I've added yours under the name 'pipe-filter-gi' and mine under the name
'pipe-filter-ii'. The 'g' stands for the "generator" and the 'i' for the
iterator argument type.
Your code and test suite prompted changes also for pipe-filter-ii:
- argv argument is now 'const char **' instead of 'char **'.
- Handling of write to closed pipe on Woe32: Here errno is EINVAL by
default instead of EPIPE on Unix.
- Handle the case that create_pipe_bidi returns -1.
- Set SIGPIPE handler to SIG_IGN while writing to the subprocess.
- Optim: Initialize readfds and writefds once, outside the loop.
On the side of pipe-filter-gi, I made the following changes:
* Behaviour:
- When the child closes its standard input while the parent is
still writing on it, treat it like an error, with errno = EPIPE.
Normally this situation indicates that the parent and child
don't agree on a protocol, or that the child exited prematurely.
* API:
- Use 2 callback functions for the reader iterator, not just one.

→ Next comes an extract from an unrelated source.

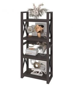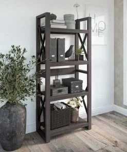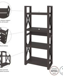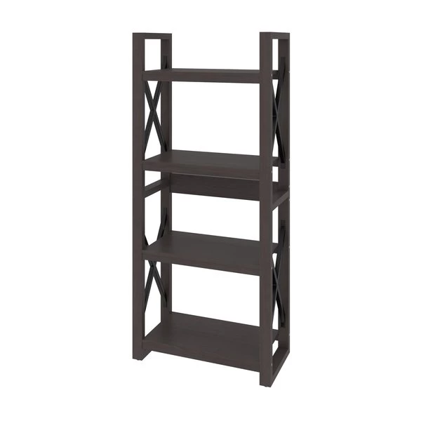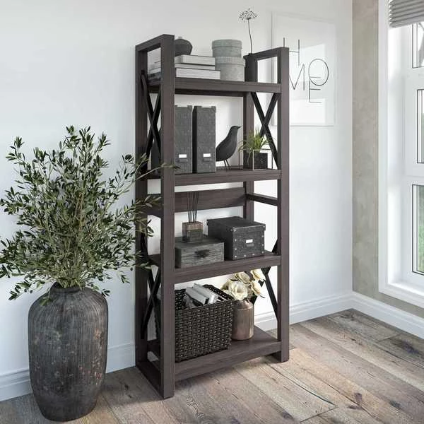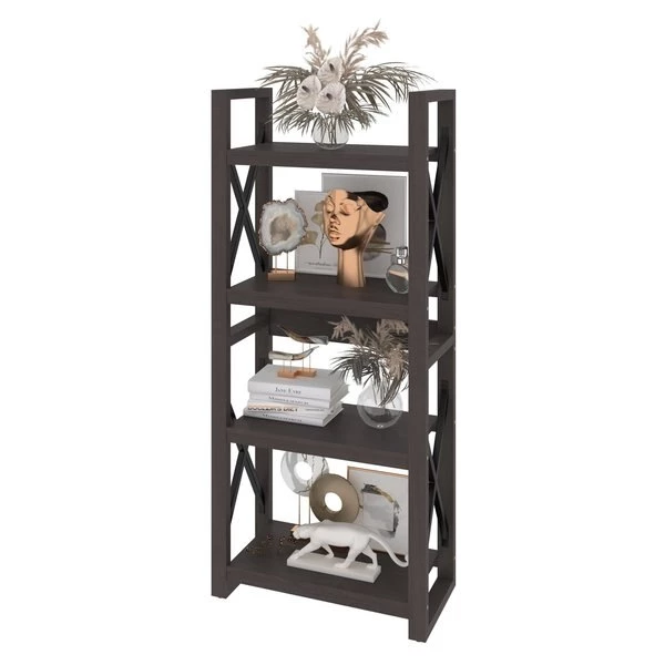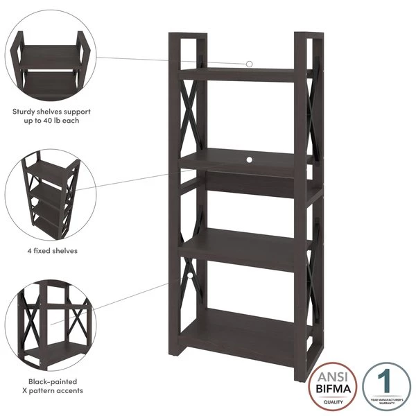 This beautiful bookcase is the perfect addition to a home office, library, or family room. The Bookcase’s sturdy and durable shelves feature a melamine finish to resist everyday damage. The black-painted steel X pattern accents create a unique contrast with the available finishes. The overall design contributes to a modern farmhouse decor. With four adjustable shelves, this Bookcase offers plenty of space to store your favorite books and display items. Each shelf can support up to 40 pounds of materials. The open design is airy and relaxed and allows you to show off the most beautiful items in your home. Tested to meet ANSI/BIFMA quality standards for safety and performance.

This allows to avoid memcpy in some use cases.
- When there was an error and the child process returns, return
the error code, not the child's exit status.
* Details:
- Don't use assert. Use tests that are always compiled into the code.
- In filter_terminate: Pass finish_reading = true instead of
finish_reading = false when there had been a write error but no
read error.
- Use the same concept of return value in filter_write as in
filter_close. filter_loop no longer leaves a result in errno.
- Handle the case that create_pipe_bidi returns -1.
- Speed up the test suite: fewer bash 'read' calls, but use longer
strings to compensate.
* Details for the Unix implementation:
- Set SIGPIPE handler to SIG_IGN while writing to the subprocess.
- Don't use a 0 timeout for select(); that's a recipe for producing
CPU-burning loops. When select() returns 0, abort.
- Correct the logic in filter_loop: Use the same if() conditions,
not 'if (!f->writer_errno)' in one place and 'if (count)' in another.
- Also in filter_loop, when !HAVE_SELECT: A 'continue' statement
was wrong.
- Also in filter_loop: Terminate the loop when count becomes 0.
- Also in filter_loop: When read() returns 0, don't terminate the
loop. Instead, continue to write the given data.
* Details for the Woe32 implementation:
- For synchronization between the two threads, use a CRITICAL_SECTION
object instead of a mutex HANDLE. It's faster. Mutexes are needed
only when synchronizing threads in different processes.
- In reader_thread_func, don't ignore the errno from the read() call.
- In filter_loop, use write() repeatedly, to protect against short
writes. Also protect against count > INT_MAX.